ACTIVITY: Any picture in the listing is left out of the copy; all else is duplicated exactly.

GIVEN MATERIAL:
↓

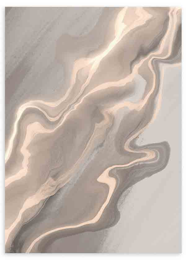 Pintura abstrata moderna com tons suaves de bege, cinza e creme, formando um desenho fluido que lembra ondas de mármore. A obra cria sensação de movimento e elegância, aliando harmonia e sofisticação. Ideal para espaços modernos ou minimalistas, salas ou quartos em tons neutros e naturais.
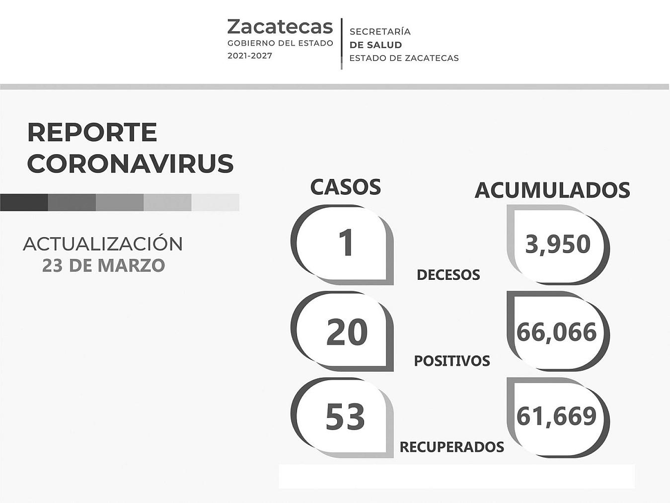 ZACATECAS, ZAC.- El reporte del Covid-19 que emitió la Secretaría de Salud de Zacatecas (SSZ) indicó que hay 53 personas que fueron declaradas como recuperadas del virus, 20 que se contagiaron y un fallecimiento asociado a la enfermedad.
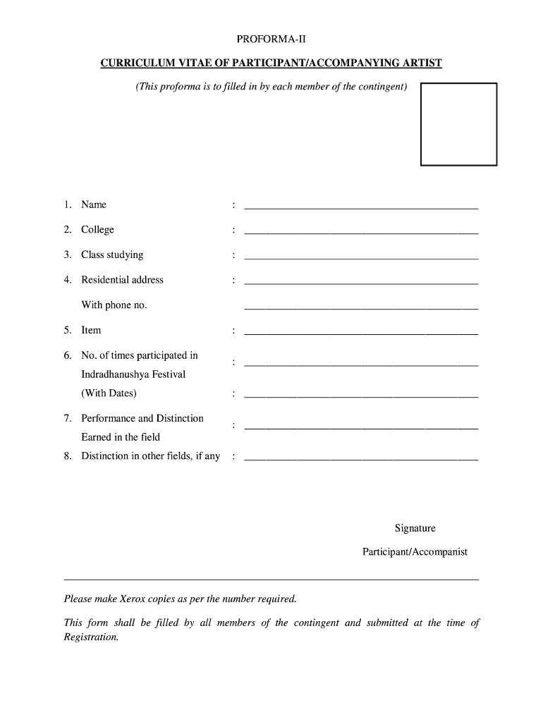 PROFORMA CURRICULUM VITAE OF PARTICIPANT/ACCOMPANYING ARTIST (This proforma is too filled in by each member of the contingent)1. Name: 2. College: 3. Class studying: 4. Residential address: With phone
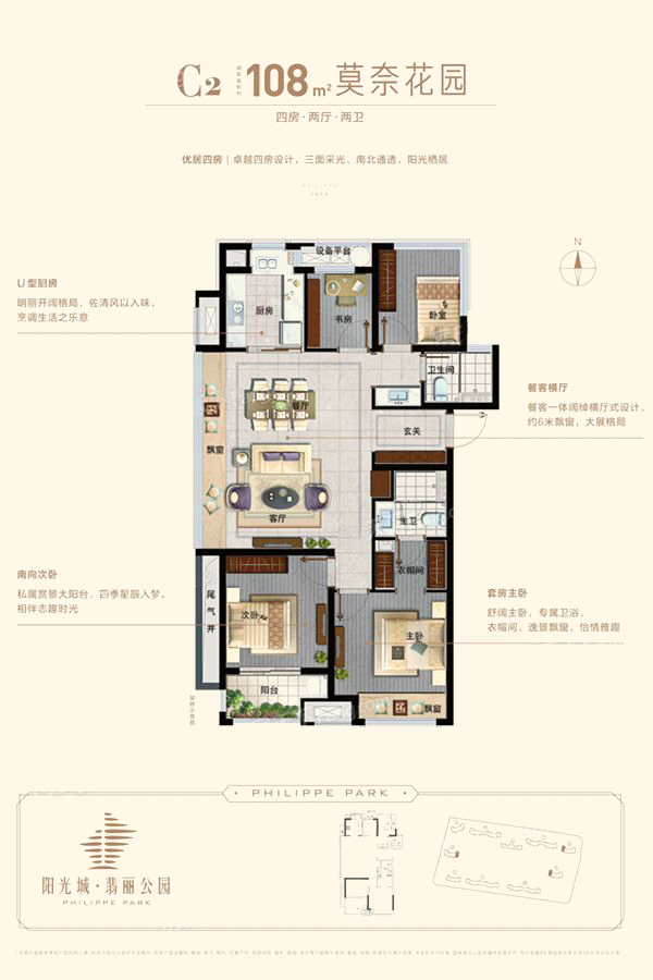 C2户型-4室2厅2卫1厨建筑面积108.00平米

↑

YOUR RESPONSE:
 Pintura abstrata moderna com tons suaves de bege, cinza e creme, formando um desenho fluido que lembra ondas de mármore. A obra cria sensação de movimento e elegância, aliando harmonia e sofisticação. Ideal para espaços modernos ou minimalistas, salas ou quartos em tons neutros e naturais.
 ZACATECAS, ZAC.- El reporte del Covid-19 que emitió la Secretaría de Salud de Zacatecas (SSZ) indicó que hay 53 personas que fueron declaradas como recuperadas del virus, 20 que se contagiaron y un fallecimiento asociado a la enfermedad.
 PROFORMA CURRICULUM VITAE OF PARTICIPANT/ACCOMPANYING ARTIST (This proforma is too filled in by each member of the contingent)1. Name: 2. College: 3. Class studying: 4. Residential address: With phone
 C2户型-4室2厅2卫1厨建筑面积108.00平米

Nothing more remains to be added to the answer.